→ Task:
Look through the material below and copy exactly the lines from the line with "A large, partially" to the line with "白鶴在南昌五星白鶴保護小區的濕地中棲息覓食。新華社記者萬象攝", those two lines included.

→ Data supplied:

########

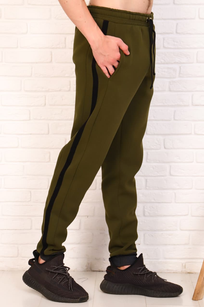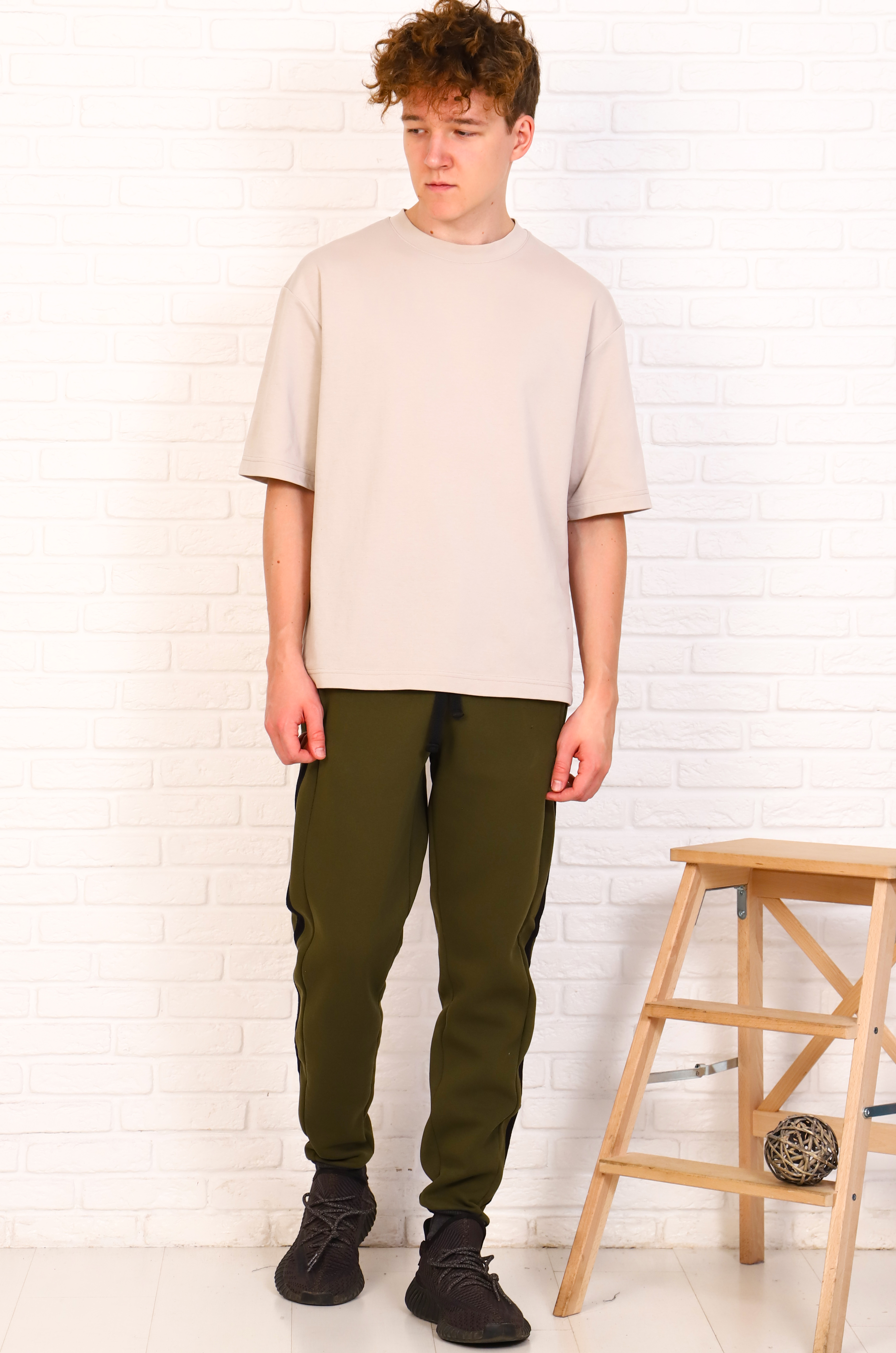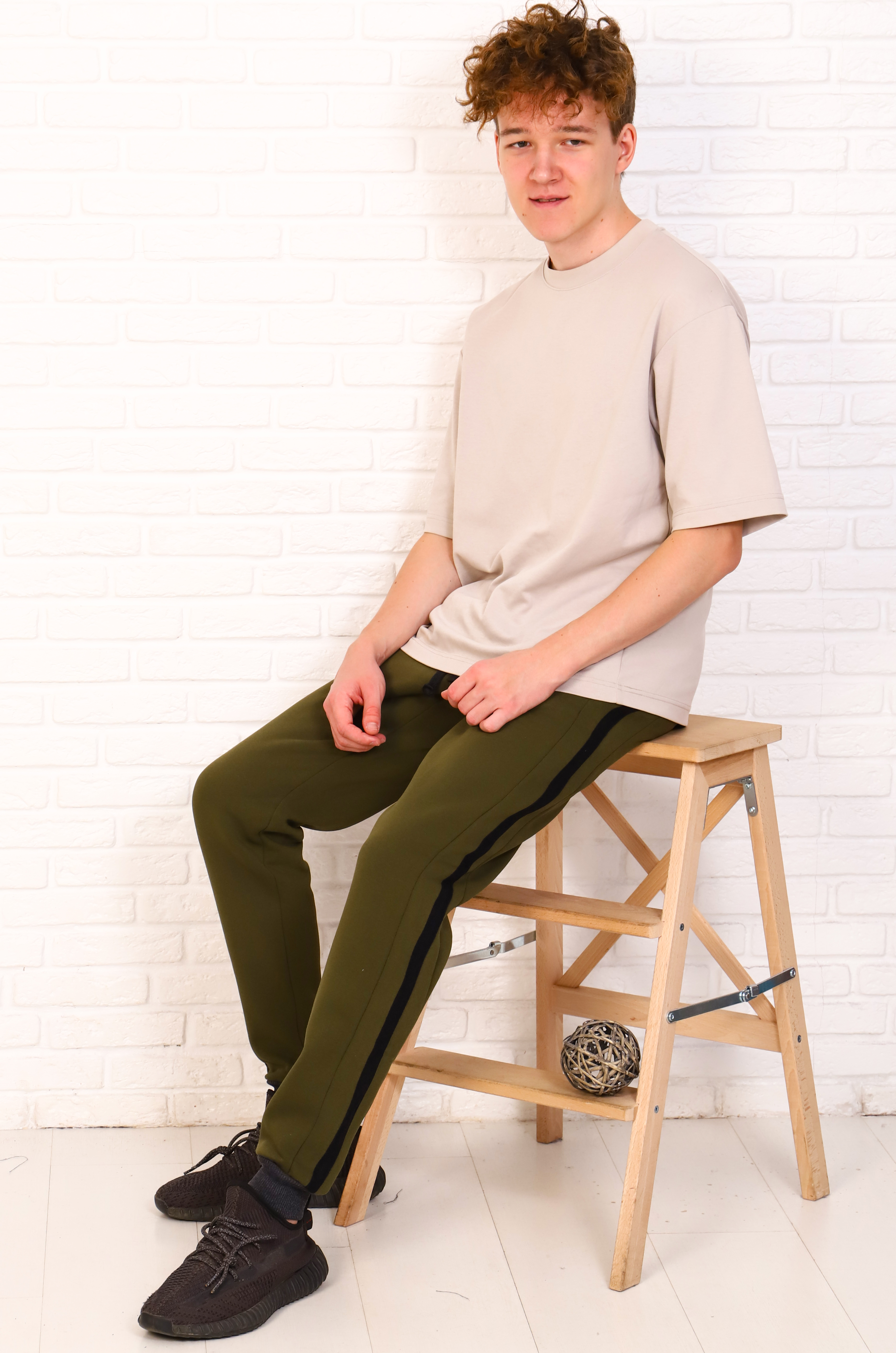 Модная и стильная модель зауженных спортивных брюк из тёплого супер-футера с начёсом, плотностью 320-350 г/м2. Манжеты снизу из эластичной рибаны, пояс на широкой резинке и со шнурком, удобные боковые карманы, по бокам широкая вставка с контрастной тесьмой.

########

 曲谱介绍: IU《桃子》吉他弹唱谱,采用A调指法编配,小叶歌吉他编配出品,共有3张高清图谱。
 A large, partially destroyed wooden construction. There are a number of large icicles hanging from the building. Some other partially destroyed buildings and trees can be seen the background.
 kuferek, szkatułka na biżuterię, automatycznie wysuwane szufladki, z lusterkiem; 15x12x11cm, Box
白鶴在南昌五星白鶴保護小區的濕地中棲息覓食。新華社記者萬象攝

########

→ Response to the task:
 A large, partially destroyed wooden construction. There are a number of large icicles hanging from the building. Some other partially destroyed buildings and trees can be seen the background.
 kuferek, szkatułka na biżuterię, automatycznie wysuwane szufladki, z lusterkiem; 15x12x11cm, Box
白鶴在南昌五星白鶴保護小區的濕地中棲息覓食。新華社記者萬象攝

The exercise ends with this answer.